Why it matters: The commitment is part of a new five-year multimodal transportation plan called "Cleveland Moves," which Mayor Justin Bibb has long pursued to make it safer and easier to walk, bike and take public transit across the city.
Zoom in: The bike lanes were the plan's topline announcement — creating 50 miles of "high-comfort bikeways" means adding physical separation to existing bike lanes and restriping streets to add new ones.
- The city already has about 60 miles and the long-term vision is for a network of over 250 miles.
Additional improvements will include:
- 🚸 Over 100 new speed tables in 2025 to enhance traffic calming.

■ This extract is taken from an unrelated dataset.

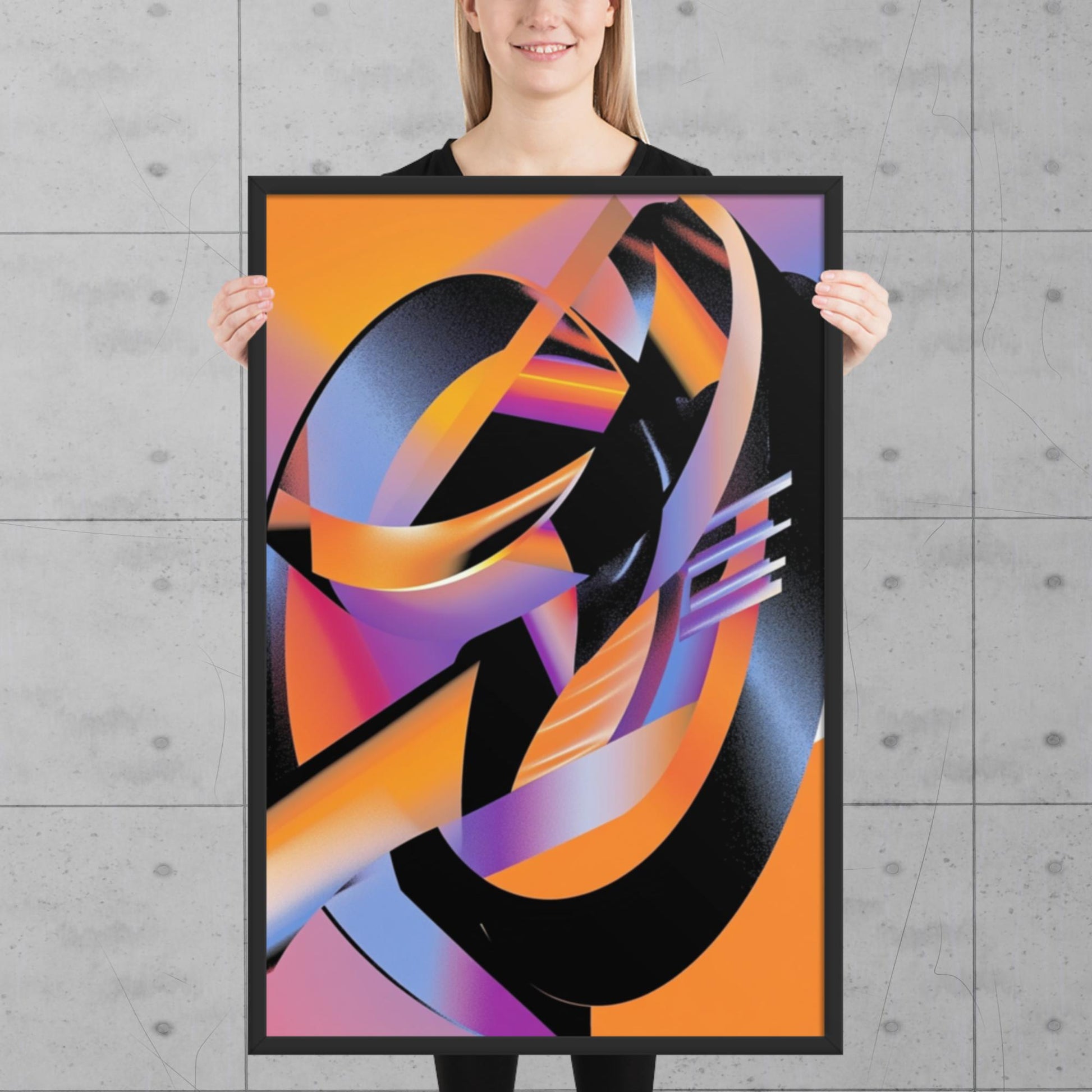 A three-dimensional dance, its volumes accentuated by deep shadows and subtle gradients that transition between vibrant oranges, intense purples, and shimmering pinks. Strategically placed black accents add graphic impact and an illusion of perpetual motion.

- 🚲 Converting 150+ parking meter poles to bike racks.
- 🛴 Over 70 new hubs for e-bikes and electric scooters.
What they're saying: "This plan emphasizes systemic changes and quick build solutions for bicycle connectivity that allow us to do more, do it faster, and make adjustments as needed," said Calley Mersmann, the City Planning Commission director, in a statement.
One fun thing: Beyond the new infrastructure, Cleveland will begin offering City Hall employees subsidized monthly RTA passes — unlimited rides for just $19 per month.

Flashback: Bibb made safer streets a plank of his 2021 mayoral campaign.
- As he runs for reelection this year, he'll be able to tout the Cleveland Moves plan alongside the Vision Zero initiative (launched in 2022 to eliminate traffic fatalities) and the Complete and Green Streets Ordinance (which seeks to incorporate alternative transit elements in street design).